We think you need these skills to ace Head of Data Science
Some tips for your application π«‘
Tailor Your CV: Make sure your CV reflects the specific skills and experiences mentioned in the job description. Highlight your leadership experience in data science and any relevant projects that showcase your ability to deliver measurable business outcomes.
Craft a Compelling Cover Letter: Use your cover letter to tell us why you're the perfect fit for this role. Share your vision for data science and how you plan to lead teams to success. Don't forget to mention your experience with regulatory environments and stakeholder engagement!
Showcase Your Technical Skills: We want to see your technical prowess! Include specific examples of predictive models you've developed and the impact they've had. Mention your proficiency in Python, SQL, and any cloud platforms you've worked with to demonstrate your hands-on experience.

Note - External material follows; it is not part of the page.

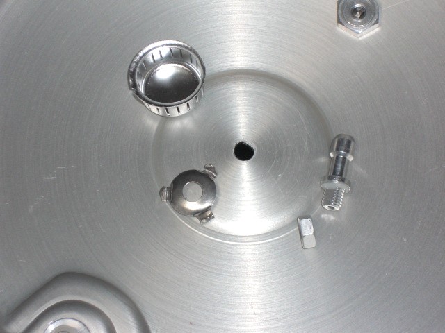 蓋の中心にある蒸気のがしノズルをとり、チューブのバルブに入れ替えるのが作業内容です。

Apply Through Our Website: For the best chance of getting noticed, make sure to apply through our website. This helps us keep track of your application and ensures it reaches the right people. We can't wait to see what you bring to the table!

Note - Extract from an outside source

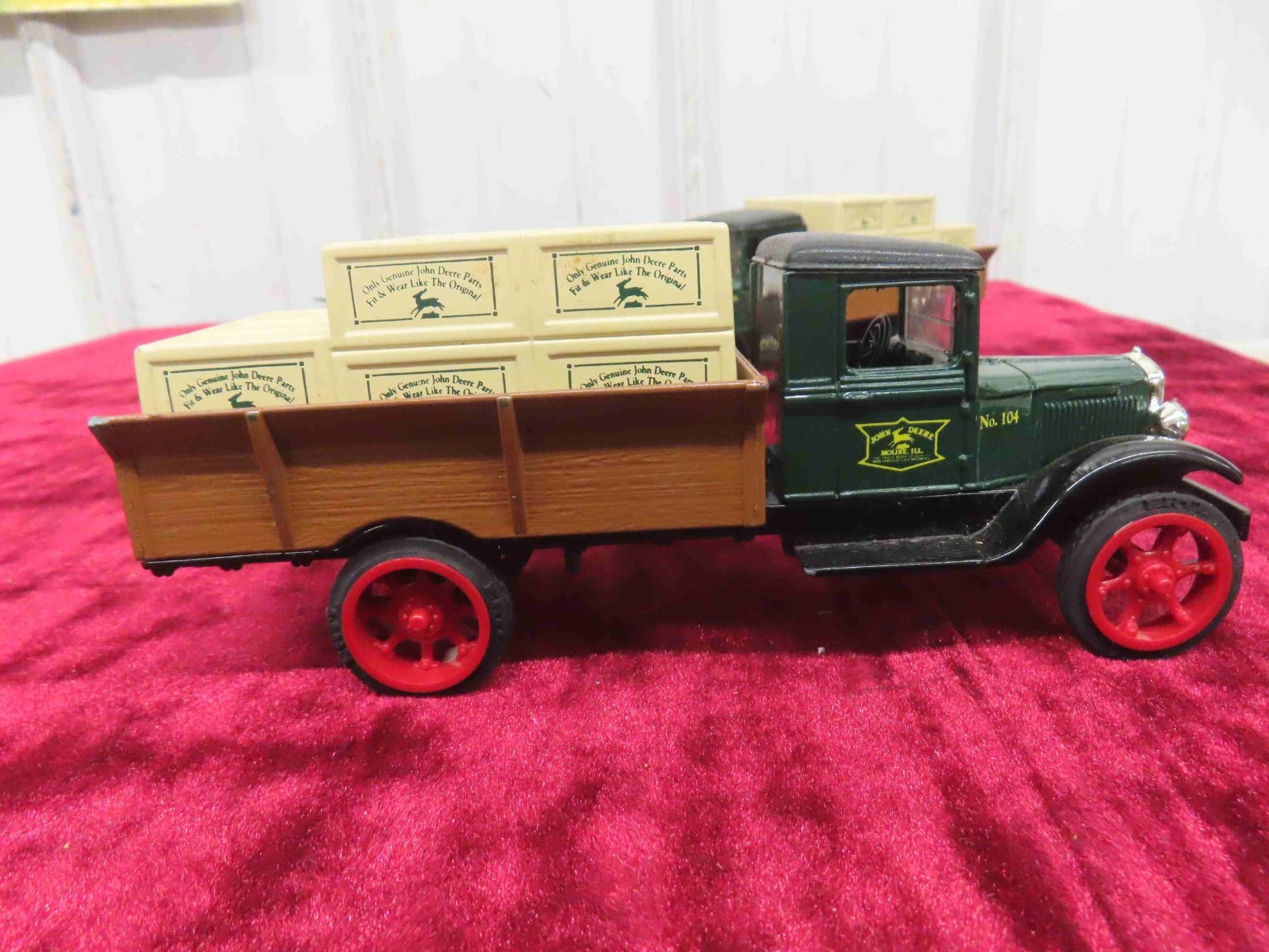 2 ERTL 1931 Hawkeye Die Cast Locking Coin Banks 1:25 Scale & 1940 Ford Pickup John Deere & John Deere Airplane 1" x 3.75" x 3.75"

How to prepare for a job interview at W Talent
β¨Know Your Data Science Vision
Before the interview, take some time to clearly define your vision for data science in a regulated environment. Be ready to discuss how you would align this vision with business objectives and what strategies you would implement to achieve measurable outcomes.
β¨Showcase Your Leadership Skills
Prepare examples of how you've successfully built and led high-performing data science teams. Highlight your mentoring and coaching experiences, and be ready to discuss how you influence senior stakeholders and foster collaboration across departments.
β¨Demonstrate Technical Proficiency
Brush up on your technical skills, especially in Python, SQL, and machine learning. Be prepared to discuss specific projects where you've delivered production ML models and how you ensured they were scalable and explainable.
β¨Understand Governance and Compliance
Familiarise yourself with the regulatory standards relevant to data science practices. Be ready to talk about your experience with model governance, documentation, and how you've partnered with legal and compliance teams to meet these standards.